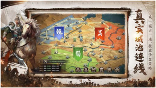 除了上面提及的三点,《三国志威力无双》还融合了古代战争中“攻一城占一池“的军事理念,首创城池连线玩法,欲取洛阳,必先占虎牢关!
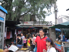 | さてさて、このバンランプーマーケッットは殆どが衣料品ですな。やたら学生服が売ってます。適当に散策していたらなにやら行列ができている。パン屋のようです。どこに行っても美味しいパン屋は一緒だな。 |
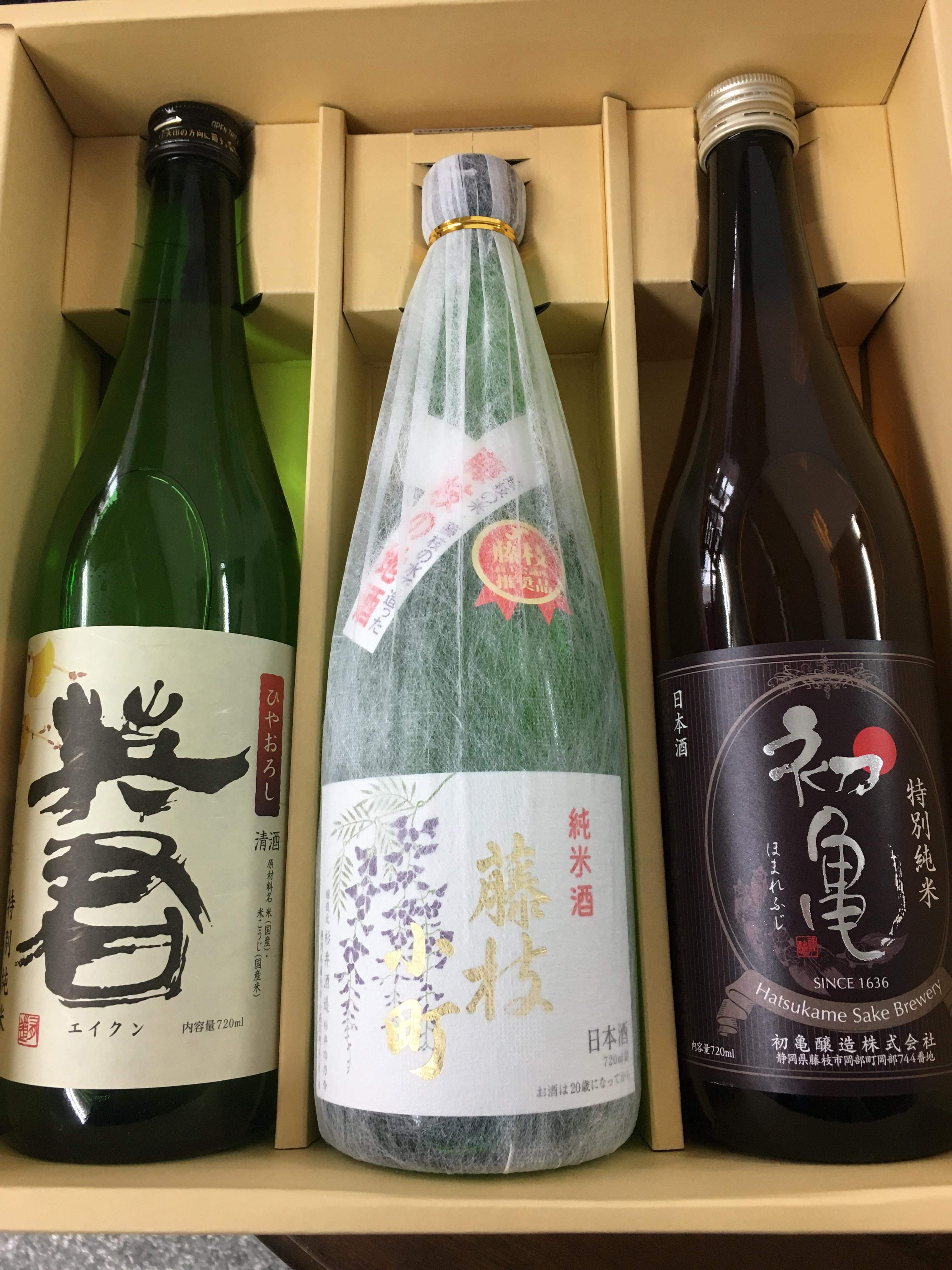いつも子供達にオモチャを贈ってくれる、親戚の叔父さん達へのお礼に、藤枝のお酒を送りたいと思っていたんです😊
________________________
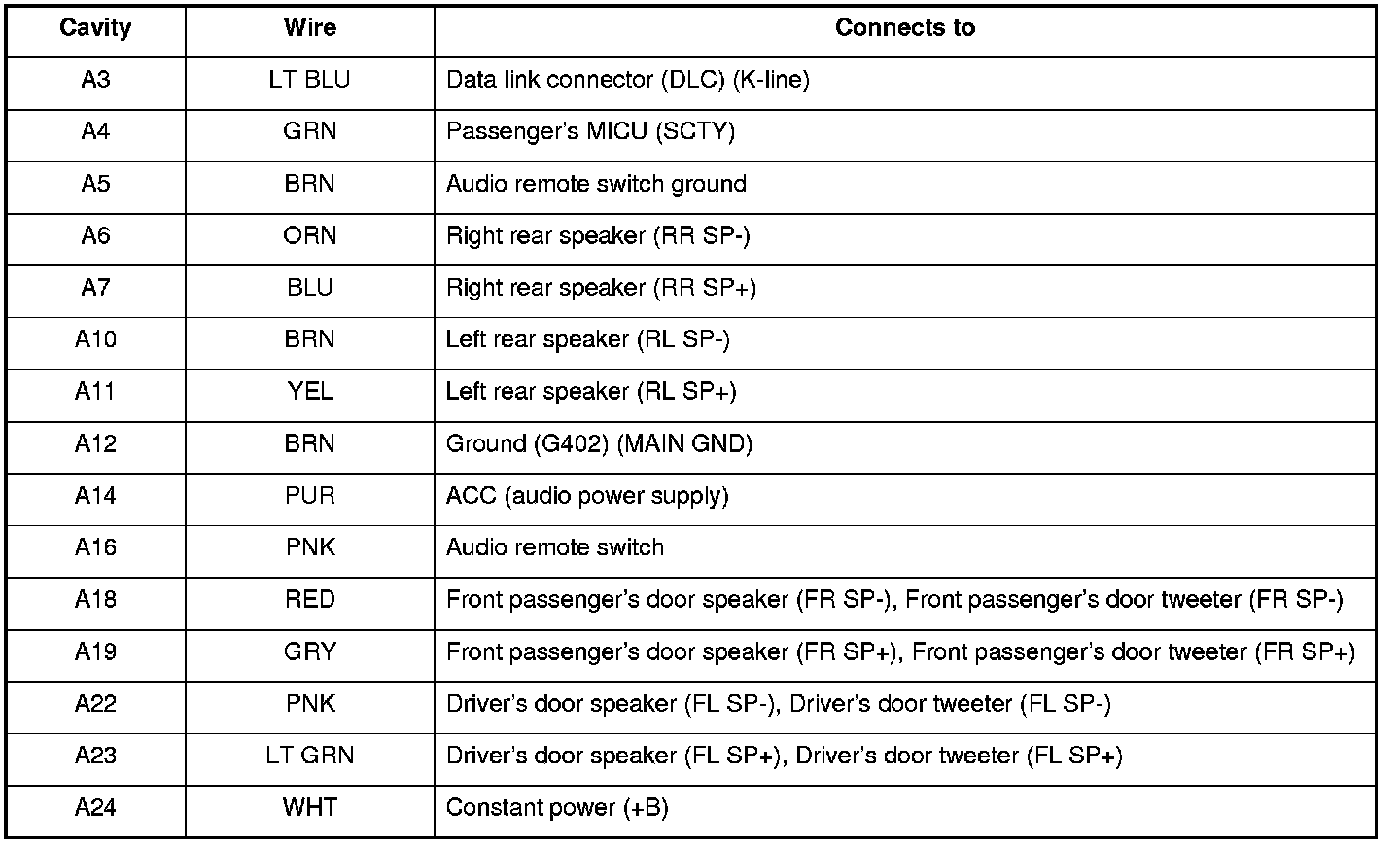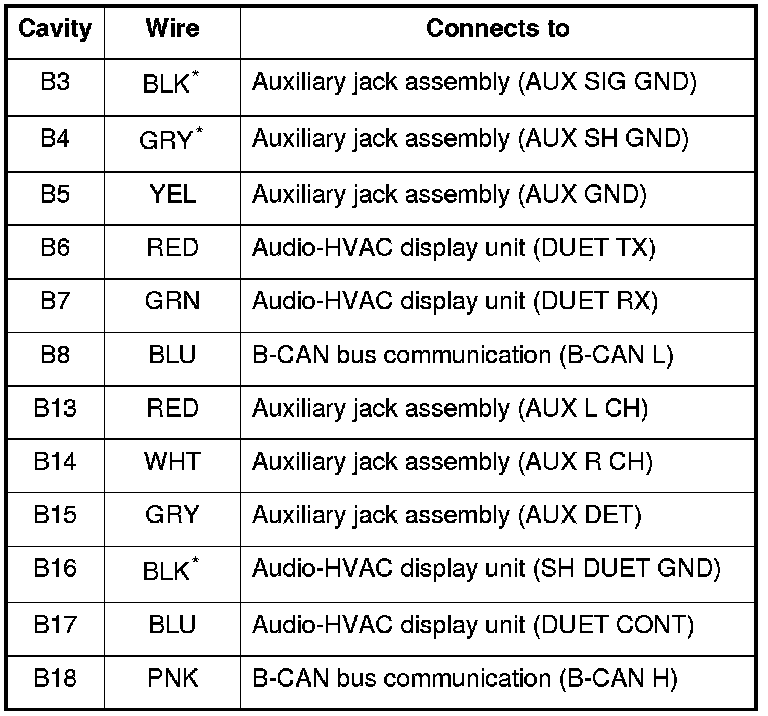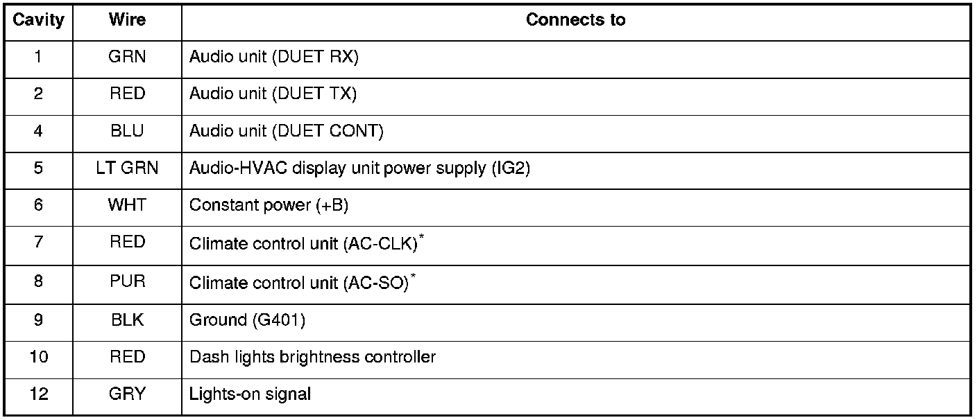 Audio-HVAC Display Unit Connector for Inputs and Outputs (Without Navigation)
________________________
> _INSTRUCTIONS FOR THE TASK_:
Treat the line with "除了上面提及的三点,《三国志" as the start and the line with "いつも子供達にオモチャを贈っ" as the end, and return exactly that span of the data above, both ends included, without pictures.

> _RESPONSE TO THE EXERCISE_:
 除了上面提及的三点,《三国志威力无双》还融合了古代战争中“攻一城占一池“的军事理念,首创城池连线玩法,欲取洛阳,必先占虎牢关!
 | さてさて、このバンランプーマーケッットは殆どが衣料品ですな。やたら学生服が売ってます。適当に散策していたらなにやら行列ができている。パン屋のようです。どこに行っても美味しいパン屋は一緒だな。 |
いつも子供達にオモチャを贈ってくれる、親戚の叔父さん達へのお礼に、藤枝のお酒を送りたいと思っていたんです😊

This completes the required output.